» Action item: Each line of the data below between the one containing "鄂旅股份酷驰科技的工作人员在" and the one containing "В интервью российскому", both included, is to be repeated exactly. Please omit pictures.

» Data section:
━━━━━━━━

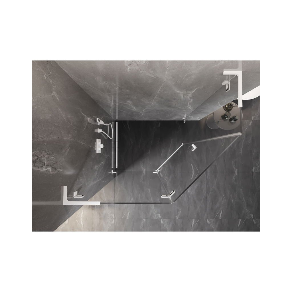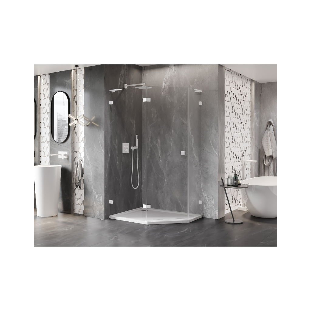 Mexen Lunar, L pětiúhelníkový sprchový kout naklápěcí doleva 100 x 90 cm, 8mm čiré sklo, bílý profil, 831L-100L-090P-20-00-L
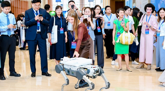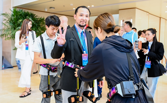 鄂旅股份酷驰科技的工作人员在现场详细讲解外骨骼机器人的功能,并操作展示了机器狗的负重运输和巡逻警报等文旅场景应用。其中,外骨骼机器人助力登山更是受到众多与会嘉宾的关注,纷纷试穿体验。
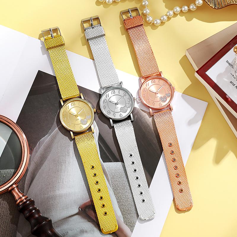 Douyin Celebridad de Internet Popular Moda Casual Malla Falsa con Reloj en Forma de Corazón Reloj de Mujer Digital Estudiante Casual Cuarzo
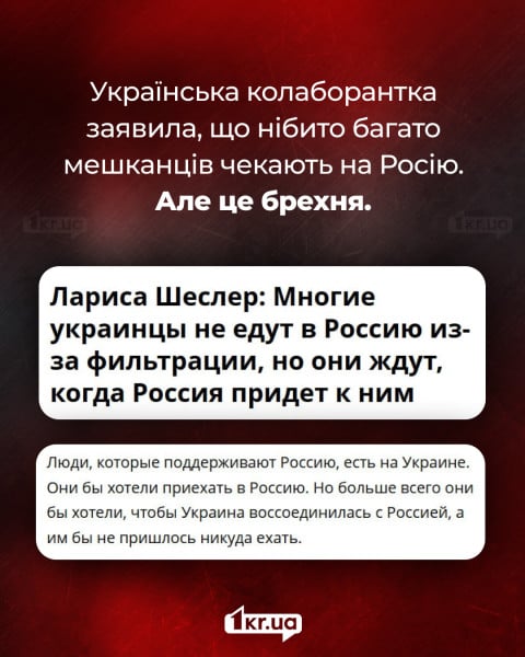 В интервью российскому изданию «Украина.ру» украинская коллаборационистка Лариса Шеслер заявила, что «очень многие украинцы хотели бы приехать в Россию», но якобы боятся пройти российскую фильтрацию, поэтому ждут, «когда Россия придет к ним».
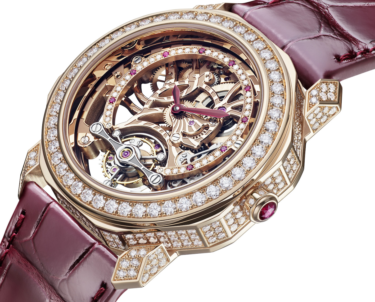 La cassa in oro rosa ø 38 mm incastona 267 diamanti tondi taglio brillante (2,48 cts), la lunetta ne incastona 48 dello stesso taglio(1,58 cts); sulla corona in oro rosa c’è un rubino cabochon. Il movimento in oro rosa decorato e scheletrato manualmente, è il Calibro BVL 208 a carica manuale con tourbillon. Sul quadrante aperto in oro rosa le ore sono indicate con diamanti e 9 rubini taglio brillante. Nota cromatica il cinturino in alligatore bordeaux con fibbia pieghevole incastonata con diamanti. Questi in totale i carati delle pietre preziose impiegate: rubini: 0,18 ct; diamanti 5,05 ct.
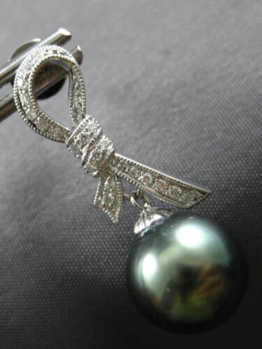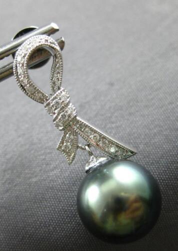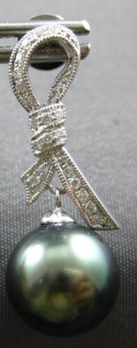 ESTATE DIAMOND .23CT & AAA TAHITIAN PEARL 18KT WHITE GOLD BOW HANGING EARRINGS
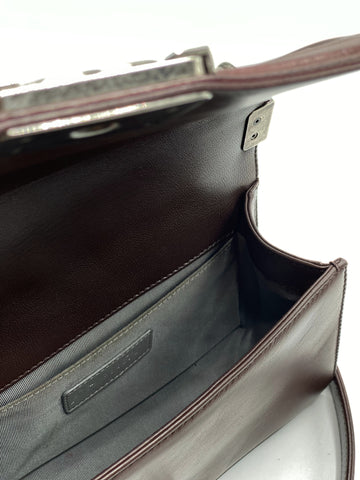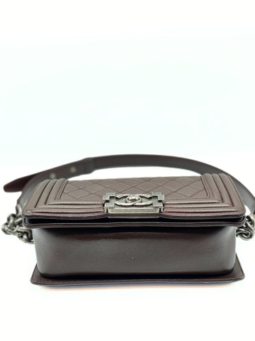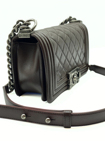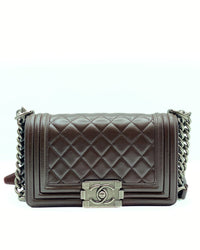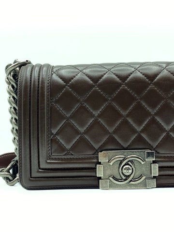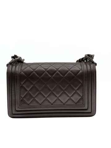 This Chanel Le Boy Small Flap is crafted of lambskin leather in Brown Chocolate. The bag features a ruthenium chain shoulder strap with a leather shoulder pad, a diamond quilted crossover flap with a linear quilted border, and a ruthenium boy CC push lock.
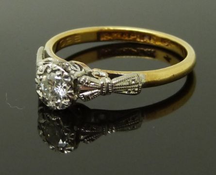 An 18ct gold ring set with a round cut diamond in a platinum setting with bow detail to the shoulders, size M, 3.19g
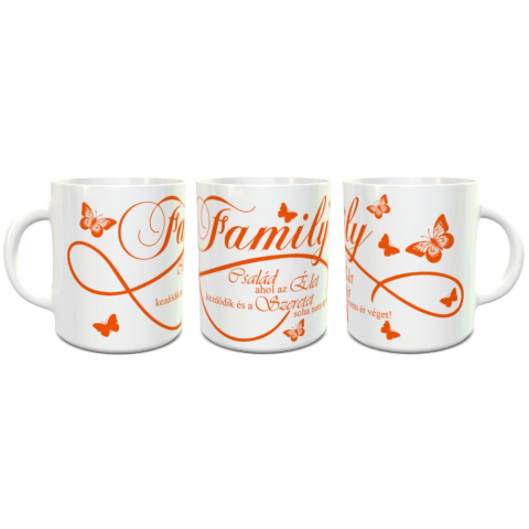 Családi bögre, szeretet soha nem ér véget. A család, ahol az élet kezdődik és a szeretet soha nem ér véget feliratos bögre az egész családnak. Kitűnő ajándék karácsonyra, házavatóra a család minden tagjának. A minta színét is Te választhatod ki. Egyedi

━━━━━━━━

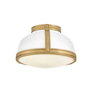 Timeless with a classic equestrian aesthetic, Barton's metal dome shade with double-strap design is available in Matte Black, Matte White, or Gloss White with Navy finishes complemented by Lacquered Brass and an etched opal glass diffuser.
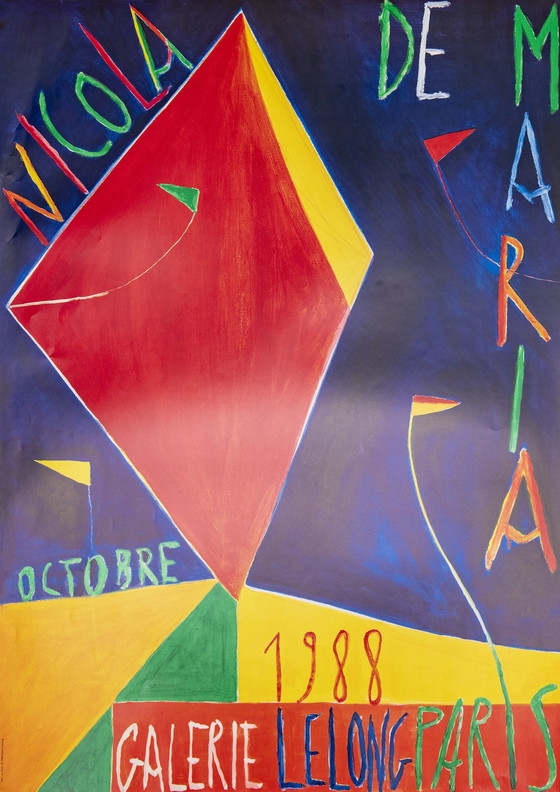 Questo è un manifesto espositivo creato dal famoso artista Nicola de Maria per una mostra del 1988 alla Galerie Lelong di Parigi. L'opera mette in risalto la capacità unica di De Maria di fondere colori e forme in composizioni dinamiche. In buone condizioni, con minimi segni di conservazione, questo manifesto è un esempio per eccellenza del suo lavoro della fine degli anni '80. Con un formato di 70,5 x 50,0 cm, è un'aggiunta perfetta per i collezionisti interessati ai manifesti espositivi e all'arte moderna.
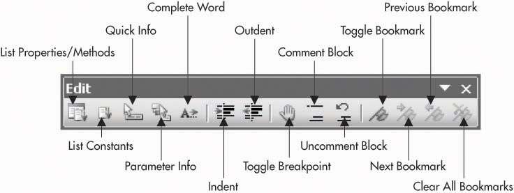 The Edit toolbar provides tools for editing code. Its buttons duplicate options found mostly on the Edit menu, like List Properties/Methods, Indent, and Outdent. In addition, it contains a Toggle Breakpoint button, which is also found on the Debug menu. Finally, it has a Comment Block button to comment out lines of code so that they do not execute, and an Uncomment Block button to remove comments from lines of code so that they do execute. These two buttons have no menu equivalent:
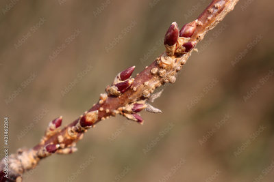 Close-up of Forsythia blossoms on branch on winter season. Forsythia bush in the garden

━━━━━━━━

» Answer space:
 鄂旅股份酷驰科技的工作人员在现场详细讲解外骨骼机器人的功能,并操作展示了机器狗的负重运输和巡逻警报等文旅场景应用。其中,外骨骼机器人助力登山更是受到众多与会嘉宾的关注,纷纷试穿体验。
 Douyin Celebridad de Internet Popular Moda Casual Malla Falsa con Reloj en Forma de Corazón Reloj de Mujer Digital Estudiante Casual Cuarzo
 В интервью российскому изданию «Украина.ру» украинская коллаборационистка Лариса Шеслер заявила, что «очень многие украинцы хотели бы приехать в Россию», но якобы боятся пройти российскую фильтрацию, поэтому ждут, «когда Россия придет к ним».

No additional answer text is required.